** Action item **
Which lines below fall between the one containing "11 .11 指针算术运算" and the one containing "Le T-shirt en"? Repeat them exactly, counting both of those lines, and add nothing else.

** Supplied records **
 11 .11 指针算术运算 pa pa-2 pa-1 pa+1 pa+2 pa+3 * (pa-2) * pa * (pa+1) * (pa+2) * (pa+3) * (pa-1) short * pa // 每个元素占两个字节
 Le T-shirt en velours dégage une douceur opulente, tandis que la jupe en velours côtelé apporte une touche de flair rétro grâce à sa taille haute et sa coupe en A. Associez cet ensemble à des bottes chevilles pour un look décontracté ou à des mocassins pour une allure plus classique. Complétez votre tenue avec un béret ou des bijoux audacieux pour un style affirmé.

---

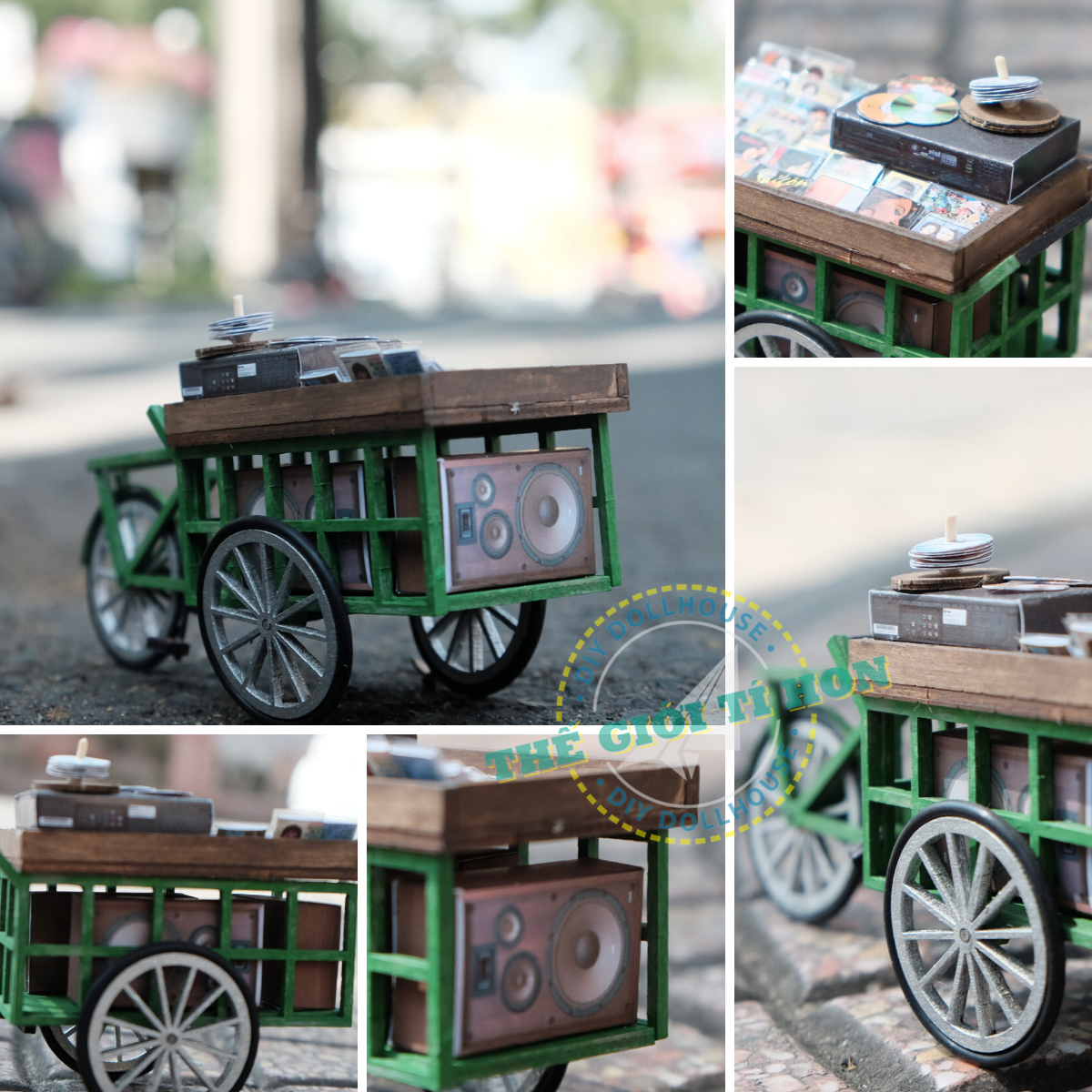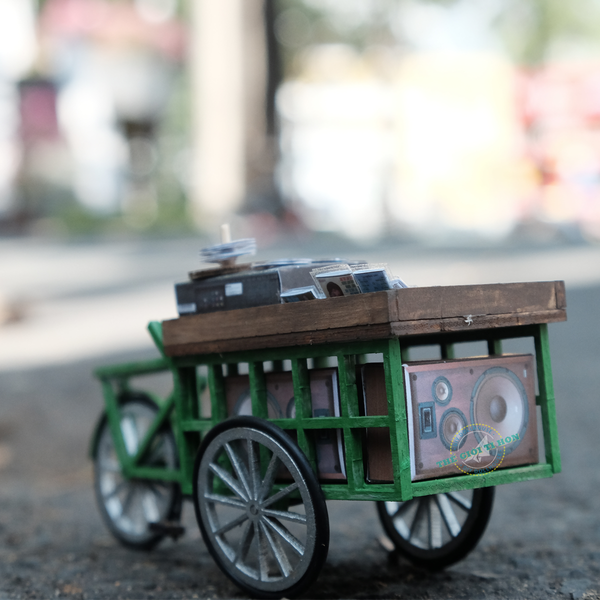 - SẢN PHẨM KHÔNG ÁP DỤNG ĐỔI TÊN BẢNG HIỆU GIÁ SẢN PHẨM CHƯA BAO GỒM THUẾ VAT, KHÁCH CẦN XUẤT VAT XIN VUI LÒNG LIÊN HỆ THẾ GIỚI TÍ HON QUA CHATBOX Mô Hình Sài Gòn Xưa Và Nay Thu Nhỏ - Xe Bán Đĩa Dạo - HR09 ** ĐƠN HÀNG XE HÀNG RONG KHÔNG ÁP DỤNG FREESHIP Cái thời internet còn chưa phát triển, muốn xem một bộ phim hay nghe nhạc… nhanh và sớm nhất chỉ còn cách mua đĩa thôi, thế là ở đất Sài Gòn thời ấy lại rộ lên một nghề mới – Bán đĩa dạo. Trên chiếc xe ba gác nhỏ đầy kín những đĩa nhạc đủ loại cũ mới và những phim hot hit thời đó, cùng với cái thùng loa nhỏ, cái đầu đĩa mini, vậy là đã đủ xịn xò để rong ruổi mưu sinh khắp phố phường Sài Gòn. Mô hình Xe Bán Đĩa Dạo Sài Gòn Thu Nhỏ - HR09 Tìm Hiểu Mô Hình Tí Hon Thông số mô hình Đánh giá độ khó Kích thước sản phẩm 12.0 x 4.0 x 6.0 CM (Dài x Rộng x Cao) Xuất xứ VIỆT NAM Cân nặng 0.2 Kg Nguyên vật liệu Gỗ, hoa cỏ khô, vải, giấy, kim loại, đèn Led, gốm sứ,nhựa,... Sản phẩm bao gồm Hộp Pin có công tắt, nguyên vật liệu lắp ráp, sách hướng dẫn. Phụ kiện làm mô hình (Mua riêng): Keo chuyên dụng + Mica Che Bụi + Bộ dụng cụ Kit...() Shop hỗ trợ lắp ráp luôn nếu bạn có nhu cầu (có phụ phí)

--

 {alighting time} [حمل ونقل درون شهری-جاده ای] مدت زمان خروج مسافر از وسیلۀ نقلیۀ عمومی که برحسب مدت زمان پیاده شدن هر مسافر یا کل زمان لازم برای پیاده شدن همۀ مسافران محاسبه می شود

** Response for this exercise **
 11 .11 指针算术运算 pa pa-2 pa-1 pa+1 pa+2 pa+3 * (pa-2) * pa * (pa+1) * (pa+2) * (pa+3) * (pa-1) short * pa // 每个元素占两个字节
 Le T-shirt en velours dégage une douceur opulente, tandis que la jupe en velours côtelé apporte une touche de flair rétro grâce à sa taille haute et sa coupe en A. Associez cet ensemble à des bottes chevilles pour un look décontracté ou à des mocassins pour une allure plus classique. Complétez votre tenue avec un béret ou des bijoux audacieux pour un style affirmé.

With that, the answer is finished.